_Material for this task_.
# # #

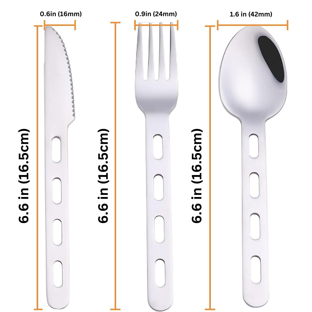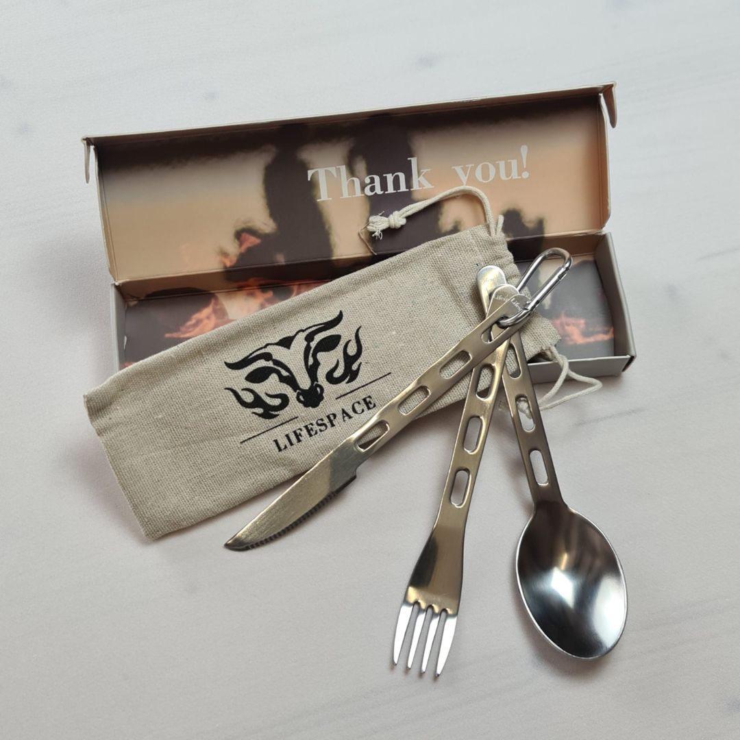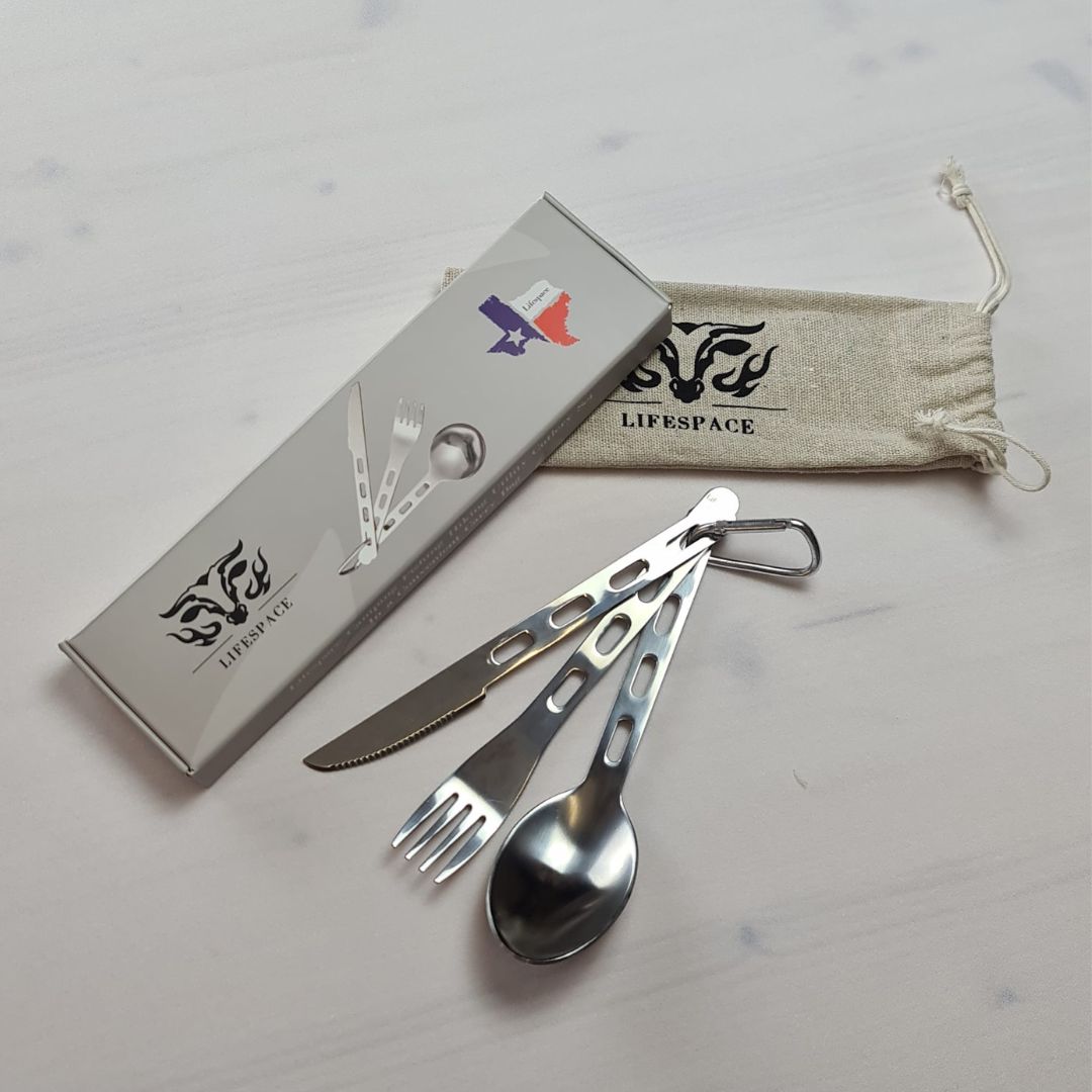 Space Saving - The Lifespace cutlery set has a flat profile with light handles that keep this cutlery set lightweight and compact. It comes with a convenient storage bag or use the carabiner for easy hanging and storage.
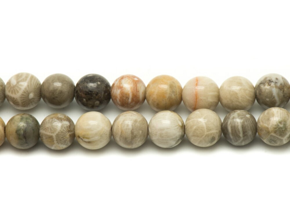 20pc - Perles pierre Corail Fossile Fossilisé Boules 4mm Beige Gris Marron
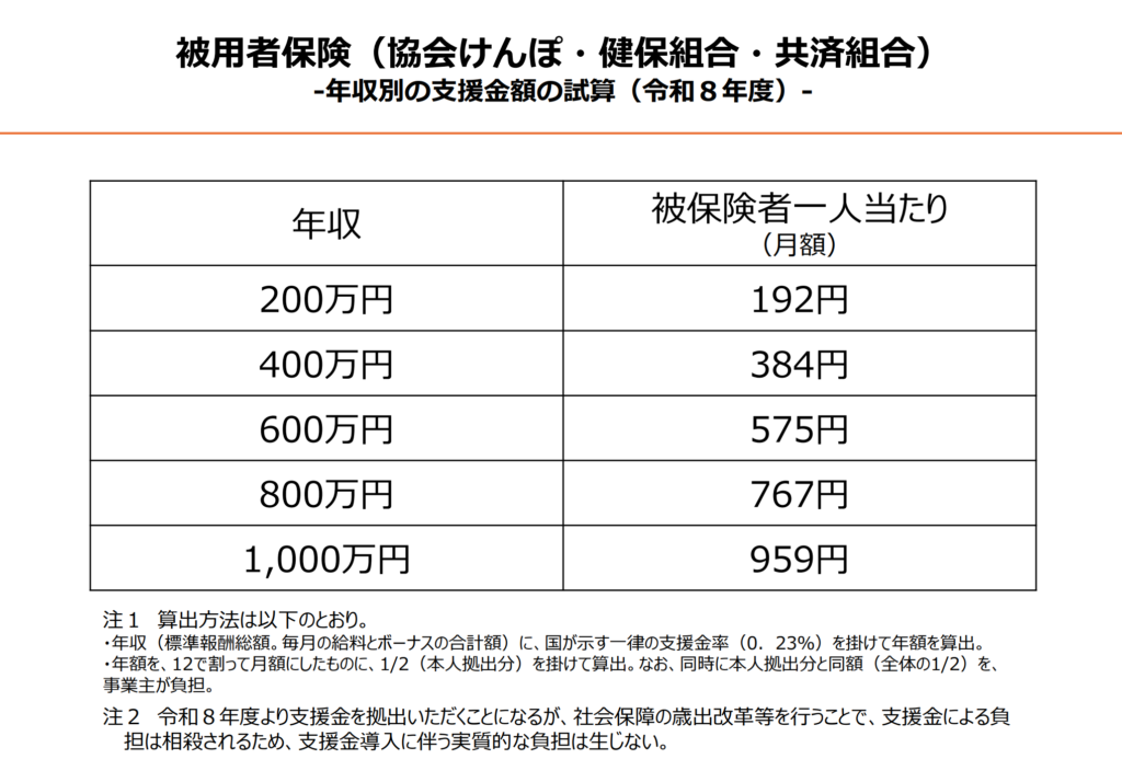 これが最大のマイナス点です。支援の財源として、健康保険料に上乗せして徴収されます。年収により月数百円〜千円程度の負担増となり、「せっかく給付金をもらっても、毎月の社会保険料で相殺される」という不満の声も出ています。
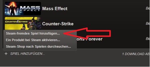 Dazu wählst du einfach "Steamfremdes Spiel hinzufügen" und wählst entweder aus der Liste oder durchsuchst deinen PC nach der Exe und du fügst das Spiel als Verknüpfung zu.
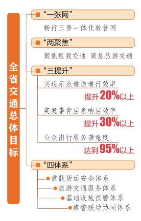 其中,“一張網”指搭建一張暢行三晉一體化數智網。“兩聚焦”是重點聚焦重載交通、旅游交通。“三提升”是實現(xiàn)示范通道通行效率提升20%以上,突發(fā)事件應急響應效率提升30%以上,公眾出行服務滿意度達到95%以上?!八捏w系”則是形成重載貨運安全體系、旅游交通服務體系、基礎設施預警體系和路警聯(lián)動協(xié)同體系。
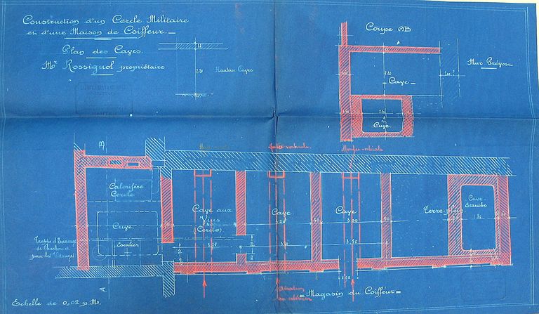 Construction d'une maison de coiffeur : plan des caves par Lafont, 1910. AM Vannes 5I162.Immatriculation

# # #

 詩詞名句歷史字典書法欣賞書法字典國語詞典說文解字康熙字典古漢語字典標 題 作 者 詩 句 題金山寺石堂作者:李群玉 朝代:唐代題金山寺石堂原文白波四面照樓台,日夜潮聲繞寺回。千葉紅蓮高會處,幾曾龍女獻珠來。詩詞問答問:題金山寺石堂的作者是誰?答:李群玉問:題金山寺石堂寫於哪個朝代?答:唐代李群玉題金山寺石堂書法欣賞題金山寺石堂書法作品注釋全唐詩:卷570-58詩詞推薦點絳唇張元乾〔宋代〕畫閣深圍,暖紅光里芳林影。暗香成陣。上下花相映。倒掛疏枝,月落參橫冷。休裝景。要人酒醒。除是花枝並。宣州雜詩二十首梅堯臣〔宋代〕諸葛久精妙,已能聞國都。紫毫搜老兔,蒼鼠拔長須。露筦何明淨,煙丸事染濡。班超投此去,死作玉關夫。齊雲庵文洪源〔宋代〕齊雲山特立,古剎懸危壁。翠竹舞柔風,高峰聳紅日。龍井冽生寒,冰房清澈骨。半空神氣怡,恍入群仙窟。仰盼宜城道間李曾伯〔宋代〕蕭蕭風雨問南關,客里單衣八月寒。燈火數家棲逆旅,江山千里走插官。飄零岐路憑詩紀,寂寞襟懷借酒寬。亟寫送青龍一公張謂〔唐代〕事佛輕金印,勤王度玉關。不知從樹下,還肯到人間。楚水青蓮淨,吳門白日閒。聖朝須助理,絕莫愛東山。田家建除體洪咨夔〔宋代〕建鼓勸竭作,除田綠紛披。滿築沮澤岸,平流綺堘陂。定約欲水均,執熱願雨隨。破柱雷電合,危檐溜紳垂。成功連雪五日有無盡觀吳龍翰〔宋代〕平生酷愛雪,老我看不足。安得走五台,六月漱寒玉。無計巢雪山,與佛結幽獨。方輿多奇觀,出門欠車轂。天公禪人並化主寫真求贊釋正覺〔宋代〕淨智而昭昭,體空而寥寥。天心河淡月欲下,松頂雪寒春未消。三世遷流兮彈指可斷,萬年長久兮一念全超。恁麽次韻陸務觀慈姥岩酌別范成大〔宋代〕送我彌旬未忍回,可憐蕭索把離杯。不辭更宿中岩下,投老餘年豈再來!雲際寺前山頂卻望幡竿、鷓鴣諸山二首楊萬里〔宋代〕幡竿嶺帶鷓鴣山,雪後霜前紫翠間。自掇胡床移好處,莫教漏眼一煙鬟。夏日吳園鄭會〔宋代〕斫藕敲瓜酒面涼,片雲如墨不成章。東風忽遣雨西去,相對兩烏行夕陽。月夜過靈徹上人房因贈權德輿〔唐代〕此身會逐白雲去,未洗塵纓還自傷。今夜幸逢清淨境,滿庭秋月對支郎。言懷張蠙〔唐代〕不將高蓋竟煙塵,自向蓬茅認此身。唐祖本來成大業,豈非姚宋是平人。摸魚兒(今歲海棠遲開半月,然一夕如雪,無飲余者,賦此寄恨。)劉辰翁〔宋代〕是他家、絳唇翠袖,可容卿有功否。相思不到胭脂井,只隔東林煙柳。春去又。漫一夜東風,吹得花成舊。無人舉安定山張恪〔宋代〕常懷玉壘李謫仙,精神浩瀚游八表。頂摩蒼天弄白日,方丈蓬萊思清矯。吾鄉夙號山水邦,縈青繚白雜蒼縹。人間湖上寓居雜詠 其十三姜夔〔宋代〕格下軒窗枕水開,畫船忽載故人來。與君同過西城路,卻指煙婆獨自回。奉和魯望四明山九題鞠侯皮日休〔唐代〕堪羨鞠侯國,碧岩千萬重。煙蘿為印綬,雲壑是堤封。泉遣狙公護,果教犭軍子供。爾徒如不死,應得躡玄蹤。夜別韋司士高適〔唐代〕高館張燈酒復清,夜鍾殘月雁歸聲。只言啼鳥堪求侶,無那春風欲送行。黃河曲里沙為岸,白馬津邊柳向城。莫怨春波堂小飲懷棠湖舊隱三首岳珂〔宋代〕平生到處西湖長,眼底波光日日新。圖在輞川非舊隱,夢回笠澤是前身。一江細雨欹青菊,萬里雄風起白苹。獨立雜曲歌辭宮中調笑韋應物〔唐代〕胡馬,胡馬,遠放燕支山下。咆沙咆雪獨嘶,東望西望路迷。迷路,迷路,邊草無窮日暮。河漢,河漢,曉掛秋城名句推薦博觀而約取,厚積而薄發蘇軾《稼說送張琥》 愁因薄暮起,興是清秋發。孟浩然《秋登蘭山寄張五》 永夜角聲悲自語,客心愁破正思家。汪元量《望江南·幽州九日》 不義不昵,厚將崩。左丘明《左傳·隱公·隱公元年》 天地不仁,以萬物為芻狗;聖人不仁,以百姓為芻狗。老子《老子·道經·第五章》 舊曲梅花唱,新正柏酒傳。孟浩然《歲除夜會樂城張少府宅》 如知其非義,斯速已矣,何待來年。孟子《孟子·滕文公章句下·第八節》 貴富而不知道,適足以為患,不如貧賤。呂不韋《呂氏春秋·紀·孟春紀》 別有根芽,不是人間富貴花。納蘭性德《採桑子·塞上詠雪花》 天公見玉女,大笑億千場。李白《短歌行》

# # #

_Work item_. Reproduce, exactly and only, the lines of the records above starting at the line with "Space Saving - The" and ending at the line with "Construction d'une maison", both included. Leave every picture out.

_Result of the task_.
 Space Saving - The Lifespace cutlery set has a flat profile with light handles that keep this cutlery set lightweight and compact. It comes with a convenient storage bag or use the carabiner for easy hanging and storage.
 20pc - Perles pierre Corail Fossile Fossilisé Boules 4mm Beige Gris Marron
 これが最大のマイナス点です。支援の財源として、健康保険料に上乗せして徴収されます。年収により月数百円〜千円程度の負担増となり、「せっかく給付金をもらっても、毎月の社会保険料で相殺される」という不満の声も出ています。
 Dazu wählst du einfach "Steamfremdes Spiel hinzufügen" und wählst entweder aus der Liste oder durchsuchst deinen PC nach der Exe und du fügst das Spiel als Verknüpfung zu.
 其中,“一張網”指搭建一張暢行三晉一體化數智網。“兩聚焦”是重點聚焦重載交通、旅游交通。“三提升”是實現(xiàn)示范通道通行效率提升20%以上,突發(fā)事件應急響應效率提升30%以上,公眾出行服務滿意度達到95%以上?!八捏w系”則是形成重載貨運安全體系、旅游交通服務體系、基礎設施預警體系和路警聯(lián)動協(xié)同體系。
 Construction d'une maison de coiffeur : plan des caves par Lafont, 1910. AM Vannes 5I162.Immatriculation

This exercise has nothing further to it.